При начале своей карьеры, начинающейся обыкновенно с кухарки у какого-нибудь купца третьей руки, баба неизбежно дуреет при виде этой всегдашней суетни столичной жизни, которая даже и в самых тихих своих омутах всегда слишком резко бросается в глаза, дотоле исключительно смотревшие на одни зеленые деревья и травы, так густо опушающие тихие деревенские улицы. Долгое время с крайне бесцельно, но вместе с тем напряженно выпученными глазами всматривается баба в непривычные жизненные явления той области, в которую занесла ее ее лошадиная судьба, и немало, по ее словам, «издивляется» этим явлениям. Долго она, как дубок, пересаженный с одной почвы на другую, гнется во все стороны, поставленная в необходимость болеть от той так жирно намасленной каши, которою купеческие дома имеют необузданность начинять свою прислугу. Напустившись с азартом голодного сельского человека на эту национальную сласть, поджаристость которой так ясно налощена обильными поливаниями хозяйского масла, баба тем «скуснее» слизывает с ложки горы лакомого снадобья, что за обедом вместо угрюмых, изработавшихся лиц своих семейских мужиков она видит разухабистых Захаров в красных рубахах, с блестящими серьгами в левых ушах, – веселых Захаров, непременно довольных и собою, и хозяйскою кашей, с глазами, лукаво прищуренными на новую стряпуху, с бойкой, вырывающей из компании волны хохота, поговоркой:
Лей, кубышка, поливай, кубышка!
Не жалей хозяйского добришка! —
выкрикивает удалой Захар, любезно знакомясь с новою соседкой посредством ошарашиванья ее в бок локтем.
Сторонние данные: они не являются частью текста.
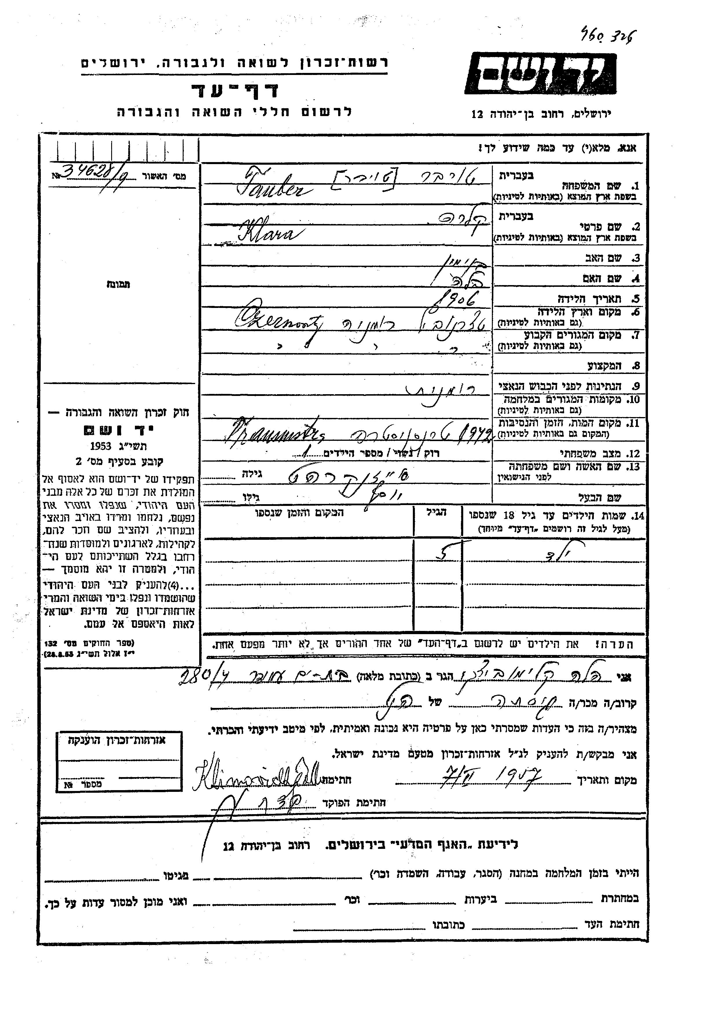 Tauber Klara 1906 Cernauti, Rumänien Gedenkblatt

– Что, – спрашивает он ее при этом знаменательном подталкивании, – приуныла? Аль бы нас, молодцов, невзлюбила? Аль хозяйское добро в рот нейдет? Свыкнется, слюбится, стерпится, – на веселье печаль наша сменится. Будем мы с тобой жить-поживать, добра наживать да в кабаке его на сладком винце пропивать. А ты молодецкую речь слушать-то слушай, а сама не зевай: видишь, каша-то вся уж!..
– Будет тебе, черт, шутки-то шутить! – говорят Захару соседи. – Напугаешь ты бабу-то ими. Видишь, не привыкла еще к нашим порядкам.
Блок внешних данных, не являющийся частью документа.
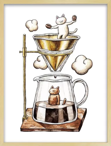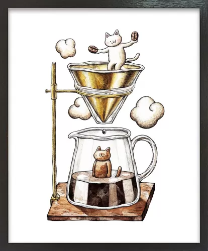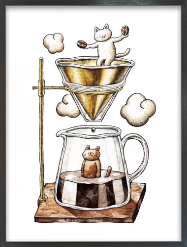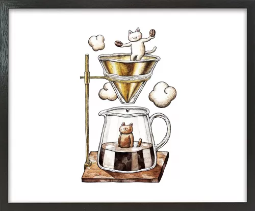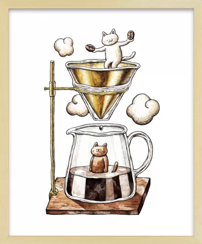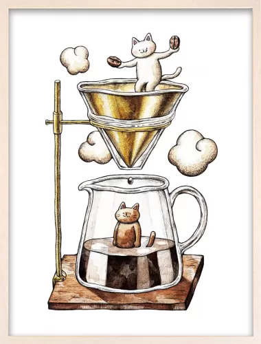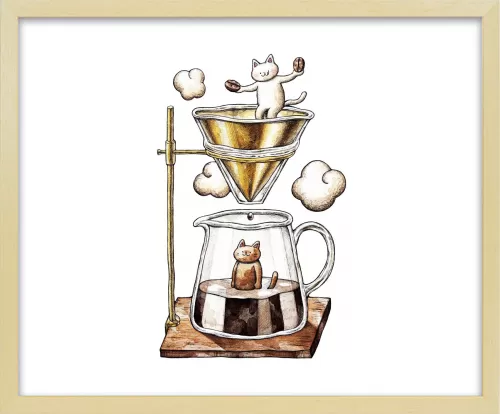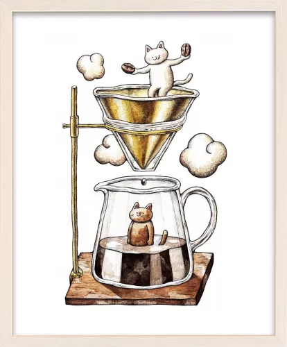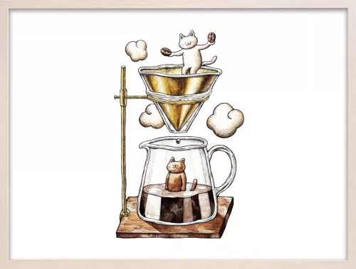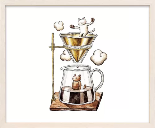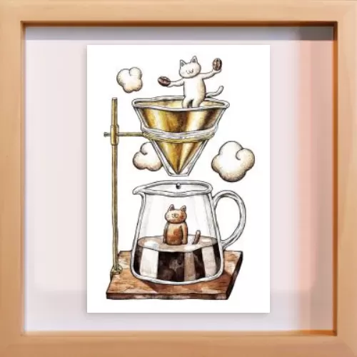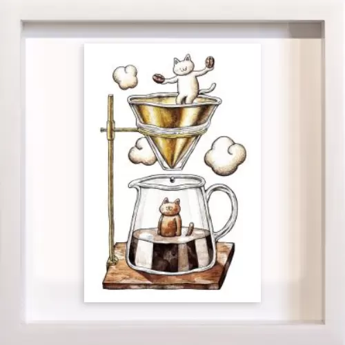 実は二匹とも白猫で、下の猫はコーヒーに浸かって染まっているというお茶目な設定があります。毎日のコーヒータイムに眺めれば、可愛い猫たちが心を和ませてくれるかも。

Осмотревшись, Татьяна действительно видит, что каша уже вся в самом деле, но ее нисколько не печалит это обстоятельство. Ее до того ошеломили жирные щи и жирнейшая солонина, с слабым подобием которой она во все продолжение своей сельской жизни знакомилась только по рождествам да по святым, что Татьяна едва настолько может работать своей победною головой, чтобы хоть немного удивиться складным разговорам шутливого соседа. Неудержно клонит ее к сладкому сну в первый раз попробованная купецкая трапеза, – лупит баба свои большие серые глаза, стараясь не показаться соней, лупит и ничего не видит, прислушивается ко всему самым внимательным манером и ничего не слышит.
– Что ты, словно идол какой, из стороны в сторону мечешься, а настоящего дела не делаешь, дура ты эдакая деревенская, неповитая! – кричит на нее грозный хозяйский голос. – Ну, куда тебя черти несут? Я тебе велел самовар ставить, а тебя шуты-то на погребицу поволокли.
– О господи! – потихоньку творит молитву сельская дура в своем сонном бодрствовании. – Ничего-то я, грешная, не слышу. Вот они враги-то где сильные! Не то что по селам…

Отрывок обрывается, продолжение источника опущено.